* [GIVEN MATERIAL]
▬▬▬
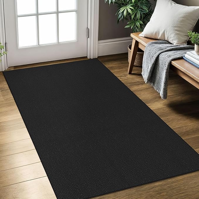 KOZYFLY Rugs for Entryway 3x5 ft Washable Area Rug Non Slip Rubber Backed Entry Rug Woven Indoor Door Mat Cotton Kitchen Rugs Floor Carpet for Entryway, Foyer, Backdoor, Black/Dark Grey
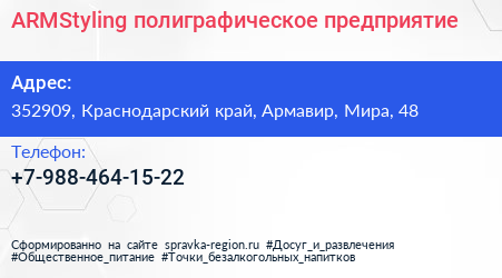 ARMStyling, полиграфическое предприятие по адресу 352909, Краснодарский край, Армавир, Мира, 48 в дальнейшем Организация, размещена в следующих категориях:
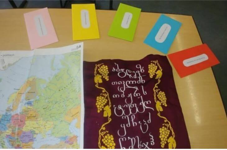 Trotz der besonderen Herausforderungen durch die Corona–Pandemie hat Tamuna, nachdem die Schule im Mai wieder öffnete, in der Klasse 5b das Projekt „Deutsche und Georgische Märchen“ vorbereitet und durchgeführt. Das Ziel des Projekts war, die Übereinstimmungen und Unterschiede zwischen der georgischen und deutschen Märchenwelten für einen interkulturellen Austausch fruchtbar zu machen und die Schülerinnen und Schüler durch die Verwendung von vielfältigen Methoden zu produktiver und kreativer Arbeit mit georgischen Märchen anzuregen. Nach einer kurzen Einführung in das Land und in die Kultur Georgiens konnten die Schülerinnen und Schüler die Videofragen von georgischen Gleichaltrigen beantworten, anschließend den georgischen Märchentext unter die
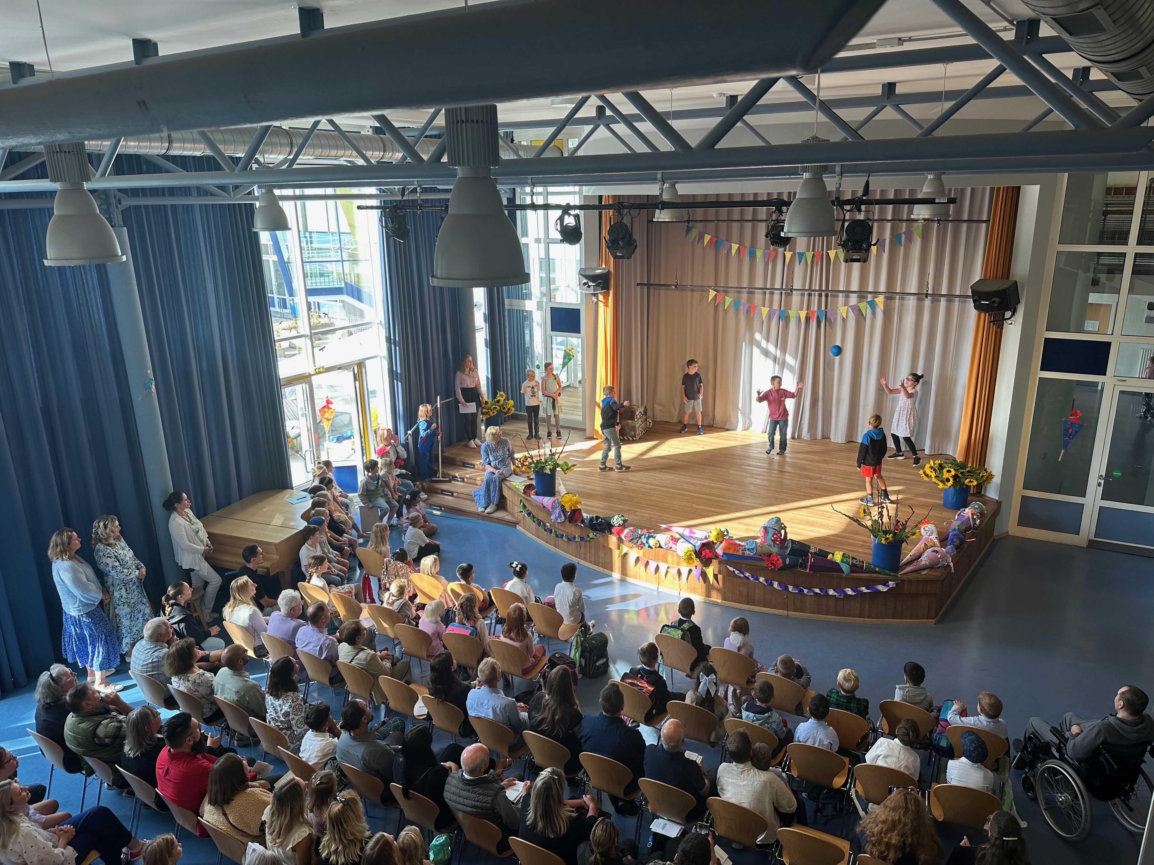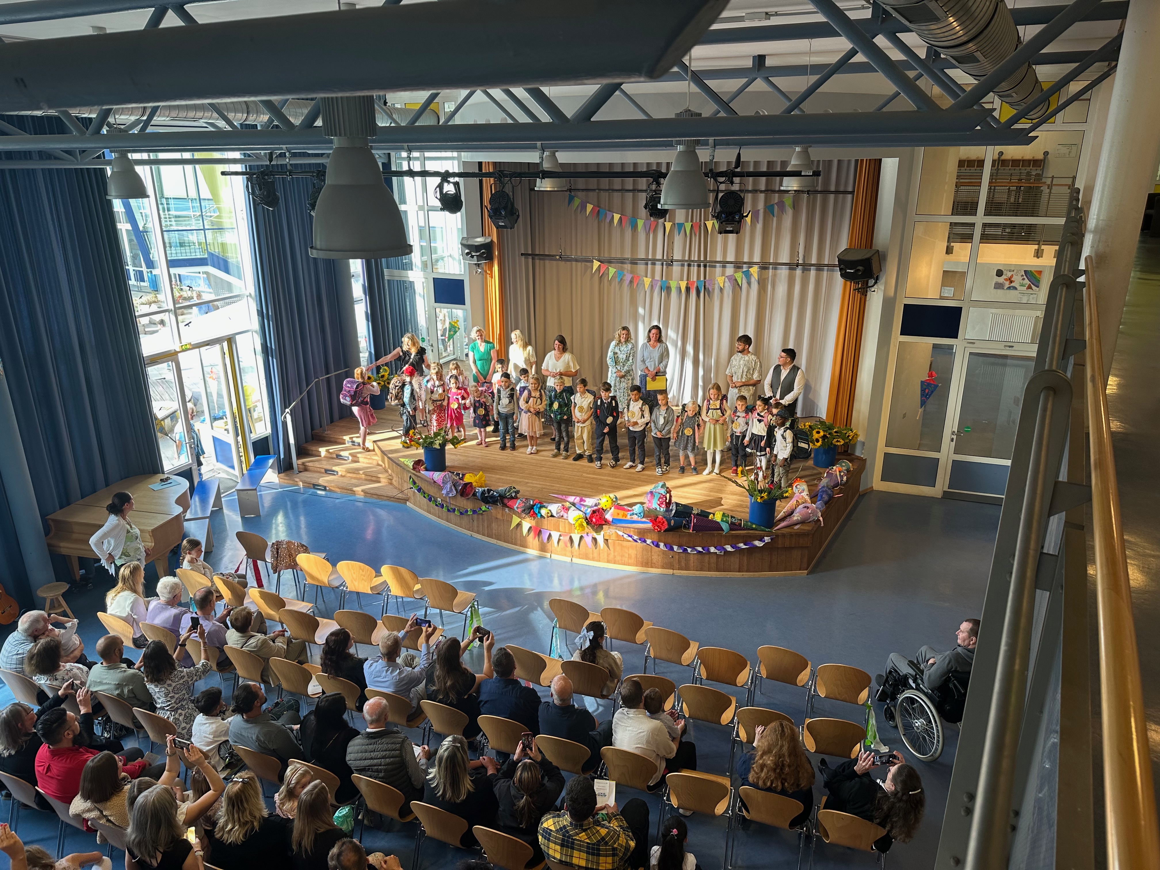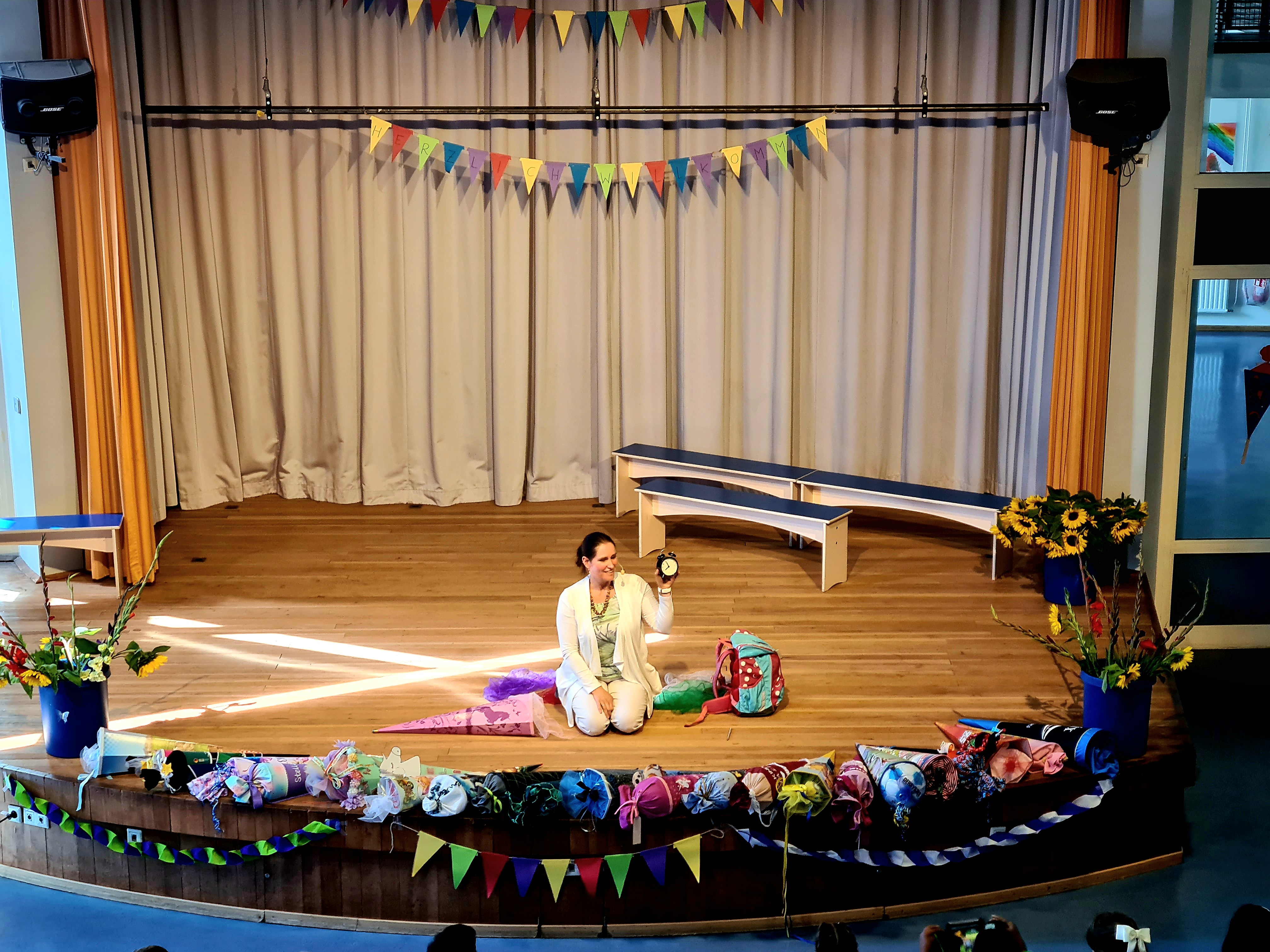Ein ganz besonderer Tag: Unsere neuen Erstklässlerinnen und Erstklässler sind bei uns angekommen! Mit einer fröhlichen Rede – und einer großen Schultüte, die sie liebevoll auspackte – begrüßte die Schulleiterin die Kinder und ihre Familien. Die Patenklasse hatte ein kleines Theaterstück vorbereitet, das die Bühne mit Leben füllte und für viele leuchtende Augen sorgte.
▬▬▬
* [PROMPT] Skipping all pictures, set the listing down exactly as written.

* [SOLUTION]
 KOZYFLY Rugs for Entryway 3x5 ft Washable Area Rug Non Slip Rubber Backed Entry Rug Woven Indoor Door Mat Cotton Kitchen Rugs Floor Carpet for Entryway, Foyer, Backdoor, Black/Dark Grey
 ARMStyling, полиграфическое предприятие по адресу 352909, Краснодарский край, Армавир, Мира, 48 в дальнейшем Организация, размещена в следующих категориях:
 Trotz der besonderen Herausforderungen durch die Corona–Pandemie hat Tamuna, nachdem die Schule im Mai wieder öffnete, in der Klasse 5b das Projekt „Deutsche und Georgische Märchen“ vorbereitet und durchgeführt. Das Ziel des Projekts war, die Übereinstimmungen und Unterschiede zwischen der georgischen und deutschen Märchenwelten für einen interkulturellen Austausch fruchtbar zu machen und die Schülerinnen und Schüler durch die Verwendung von vielfältigen Methoden zu produktiver und kreativer Arbeit mit georgischen Märchen anzuregen. Nach einer kurzen Einführung in das Land und in die Kultur Georgiens konnten die Schülerinnen und Schüler die Videofragen von georgischen Gleichaltrigen beantworten, anschließend den georgischen Märchentext unter die
Ein ganz besonderer Tag: Unsere neuen Erstklässlerinnen und Erstklässler sind bei uns angekommen! Mit einer fröhlichen Rede – und einer großen Schultüte, die sie liebevoll auspackte – begrüßte die Schulleiterin die Kinder und ihre Familien. Die Patenklasse hatte ein kleines Theaterstück vorbereitet, das die Bühne mit Leben füllte und für viele leuchtende Augen sorgte.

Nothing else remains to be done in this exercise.